God's plan
"How does one hold to high standards of moral purity while at the same time showing grace to those who fail those standards?" - Philip Yancey
When I read this question on p. 260 of The Jesus I Never Knew, in the final chapter entitled The Difference He Makes, he finally hit the nail on the head. The question I had been asking myself without being able to put it in words was this very question. My only disappointment was that no answer followed that answered the question to my satisfaction. What point was brought up was that Jesus was a sinless friend of sinners.
He did not dissociate from sinners. He did not do what they did, but he remained in their company.

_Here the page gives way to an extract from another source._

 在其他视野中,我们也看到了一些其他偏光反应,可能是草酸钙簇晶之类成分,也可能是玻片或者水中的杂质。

But if you don't do what sinners do, you have nothing in common, and I would imagine they would soon wonder what you are doing among them, what you want from them, and if you want nothing, what you want to sell them.

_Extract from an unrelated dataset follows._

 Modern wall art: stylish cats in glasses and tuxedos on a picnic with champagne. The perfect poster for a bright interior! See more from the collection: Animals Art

I find myself guilty of being the morals police more often than I wish, but knowing not how else to point out God's existence, I fall for this temptation.
When I am trying to get a spiritual breakthrough, feeling like I am achieving nothing for Christ, as though I am not making a difference, I will receive a comment such as, "You are almost fanatical." It is meant as an insult, as though I were an ostrich with my head in the sand, not knowing what is going on in the world because I prefer reading books on Jesus than reading the newspaper.

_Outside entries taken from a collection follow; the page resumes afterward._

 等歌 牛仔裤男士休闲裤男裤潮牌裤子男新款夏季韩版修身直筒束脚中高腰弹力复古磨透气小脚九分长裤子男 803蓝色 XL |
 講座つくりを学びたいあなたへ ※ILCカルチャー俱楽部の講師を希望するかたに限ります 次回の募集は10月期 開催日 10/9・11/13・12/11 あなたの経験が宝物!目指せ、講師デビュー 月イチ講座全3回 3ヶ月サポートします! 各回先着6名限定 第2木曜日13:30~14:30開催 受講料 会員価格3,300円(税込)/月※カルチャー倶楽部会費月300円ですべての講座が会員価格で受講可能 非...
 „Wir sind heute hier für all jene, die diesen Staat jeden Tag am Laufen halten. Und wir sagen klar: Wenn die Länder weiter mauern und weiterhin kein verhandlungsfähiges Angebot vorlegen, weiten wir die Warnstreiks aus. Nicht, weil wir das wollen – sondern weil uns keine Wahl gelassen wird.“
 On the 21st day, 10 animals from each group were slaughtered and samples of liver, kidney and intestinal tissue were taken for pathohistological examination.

"The news is important," they say.
I ask, "Why?"
And the answer I get is, "Because it's important. It affects us here and now."
Oh Father God in heaven, to me it has become so logical to focus rather on heaven, and the afterlife, and trying to find out what pleases You, for You have said that this world is temporary, but there will be a new heaven and a new earth, when Jesus returns, and if I believe in Jesus as God Incarnate, coming to this world to be the sacrifice once for all, then I will ascend into heaven. I want to know You more, for it is You whom I wish to meet and spend eternity with, not this damned (literally) world.
I know that religion irritates people. I know the name of Jesus often incites a rolling of the eyeballs. That day that I visited a Christian friend and needed so desperately for her to tell me that I can have a different life, I didn't hear the message. I was down and out, and I wanted to start afresh, but I had neither the strength nor the know-how. If she had said to me then, it is possible that you get rid of the darkness you feel inside you, and that instead you can be filled with confidence, light, joy, peace and strength, I would have jumped at the chance to find out how. It wasn't my time.
God never gave up on me, though. He sent someone else to give me a Bible study. And I bought a Bible. And a year later I started studying the Bible. And the year after that, I met Charles, who asked me what I believe in. And a year after that I was baptised into Christ. And I had joined a church.
The milestones were clear. I seem to fail in all my attempts to share the good news with non-believers. Instead of receiving joy, they seem to feel "preached to", as though they are not listening to the message, but to me. I died in 2004, when I was baptised. It is no longer I that live, but Christ living in me. If I had not died to Christ, I would have died in vain. Instead I got a new life. What does God want to do? What is His plan of salvation? That is what people need to know.